Sul punto sono intervenuti vari consiglieri, da Nicola Renzi ad Antonella Mularoni, che hanno sottolineato il peso politico e simbolico della questione palestinese e della tutela della bandiera sammarinese, pur con sfumature diverse nelle valutazioni sull’azione del governo israeliano e sulla gestione interna della vicenda navale. Fabio Righi ha invece criticato il metodo seguito nell’incontro con la delegazione italiana e ha espresso forti perplessità sull’andamento dell’accordo europeo, sulla pratica bulgara e sul possibile ruolo di San Marino nel futuro Tribunale speciale promosso dal Consiglio d’Europa per i crimini di aggressione contro l’Ucraina.

Manuel Ciavatta, Matteo Rossi, Maria Luisa Berti e Lorenzo Bugli hanno difeso il lavoro del governo e della diplomazia sammarinese, insistendo sul valore del sostegno arrivato dal Parlamento italiano e invitando a evitare letture polemiche o allarmistiche. Anche Dalibor Riccardi ha ribadito la centralità del percorso europeo e chiesto che San Marino continui a farsi sentire sulle crisi umanitarie internazionali, a partire da Gaza.

La parte più delicata della seduta ha riguardato l’Accordo di Associazione.
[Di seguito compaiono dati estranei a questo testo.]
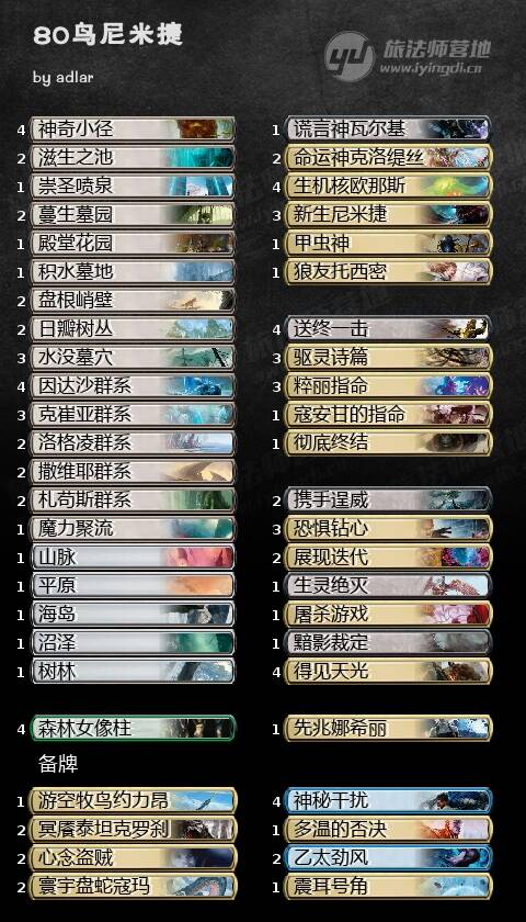 除此之外其实还有非常多的选择,所以说尼米捷这套牌在每个人的手里都不一样,我甚至还见到过带世界树加一堆双色神的版本,天光和尼米捷这两张牌给了套牌极大的构筑自由度,可能这也是这套牌常年在meta上占有一席之地的原因吧。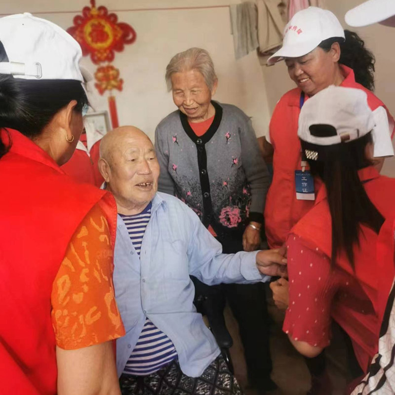 4月16日,阳原花轿文化传媒队东井集工作站,站长徐小芳、秘书长张志花带领志愿者一行10人来到东井集镇漫流堡村慰问老党员王占东老人。

Beccari ha confermato che resta aperta la riserva del governo bulgaro, precisando però che non esiste una chiusura formale nei confronti di San Marino e che il dossier sarà ora esaminato in sede Coreper dalla presidenza cipriota. Ha respinto con durezza le ricostruzioni che ipotizzano trattative economiche con gli investitori bulgari, definendole infondate e offensive.